So it didn’t surprise me when I heard about the overture. And we do know that Macy’s has been struggling of late with sales declining for the last couple years and, as recently announced, they will be closing 63+ stores and laying off 10,000 people.

Whether or not anything comes of the HBC move, I, once again, have to inform my readers that Mr. Baker is not in the retail business. He’s quite brilliantly in the real estate business. So Mr. Merchant Prince he is not (which he would freely admit to). Furthermore, I’m not so sure he even cares about the retail businesses he owns. I do not say this with any malice: Real estate is what he excels in and, as we all learn in life, we should stick to what we do best.

So I am logically raising the question: Is this a real estate deal or a retail acquisition? One little hint was the HBC announcement on last year’s second quarter earnings loss that it was due to high real estate leasing costs. In essence, this is a “borrowing from Peter to pay Paul” scenario, in which “Paul” is the real estate business.

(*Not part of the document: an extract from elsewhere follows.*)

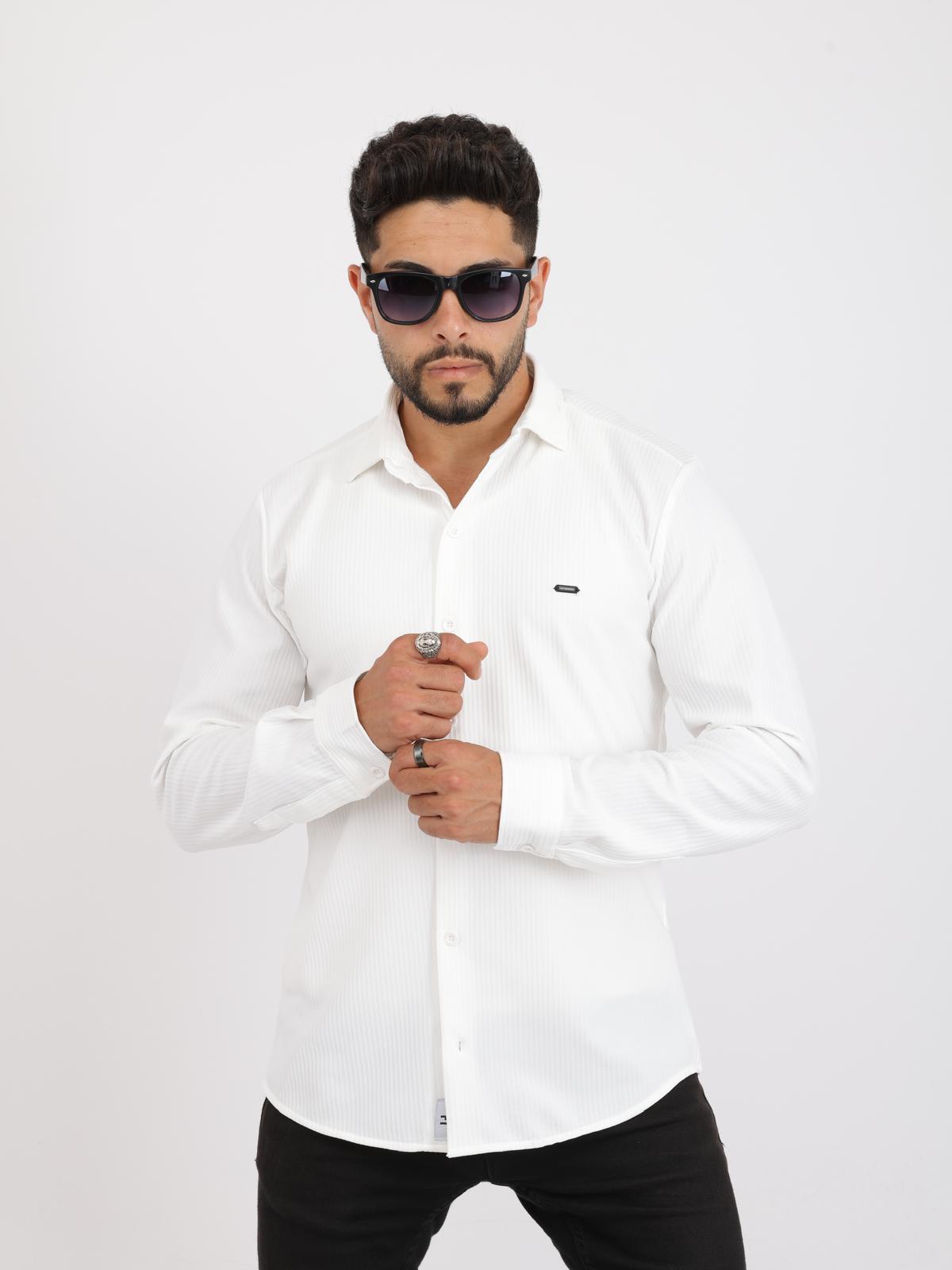 BEYAZ İNCE FİTİLLİ ÖRGÜ GÖMLEK

If HBC is in the real estate business, that’s a good thing. If it’s in the retail business, it’s a bad thing.

However, Baker and CEO Jerry Storch say they are in both the real estate and the retail business. In fact, they have told me that they take the winnings from the real estate business and invest them back into the retail businesses. We do know they are doing this by spiffing up their flagships and expanding the Saks business in Canada along with other such initiatives. But I’m not sure which financial bucket is funding these investments.

Taking Baker and Storch at their word, that the real estate and retail businesses can create a great synergy leveraging the combination for higher growth for each (which we haven’t really seen happen yet in the retail business), the persistent question — and the elephant in the room, which would be an uber elephant if they were to acquire Macy’s — is what happens if all of the investment in the retail businesses don’t move the very sluggish needle?

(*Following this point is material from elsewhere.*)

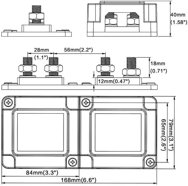 Versatile Compatibility: Our 12v bus bar is ideal for automotive, marine, and solar applications, compatible with 12 V, 24 V, and 48 V DC power systems; It boasts a maximum continuous current of 600 A; Size of each power distribution block is 168 x 79 x 40 mm;

So the gargantuan elephant in the room is, all of a sudden, so big it’s immovable. On top of that, with all the retail businesses Baker currently has throughout Europe and the U.S., with the complexity of their different market positions, each fighting to evolve technologically and perfecting all-channel distribution in an over-stored world, what does he do if all of these pieces hit the wall?

Will Baker give up on the retail businesses and revert to a total real estate play, managing the retail business down while increasing the real estate profits up? This would be similar to what Eddie “fast buck” Lampert has been doing with Sears/Kmart for the past decade, and which I predicted three years ago that this was the model Richard Baker could logically follow. (See my article Hudson Bay-SAKS-L&T: Real Estate or Retail?).

My own personal $64,000 question is: Did Richard Baker proactively plan the real estate strategy from the beginning, simply paying lip service to his retail/real estate synergy plan just to keep Wall Street, shareholders and employees happy?

In my opinion, Mr. Baker is very smart and I believe he totally gets how troubled the legacy retail industry is. I believe that deep down, he has real doubts about the odds for its return to robust growth. Hey folks! Look at the evidence. He’s gobbling up real estate, unlocking gazillions of square feet of higher valued real estate than the retail businesses operating on top of it.

Is this the ultimate future of legacy retail anchored by the sinking ship of an industry that has been asleep in the wheelhouse?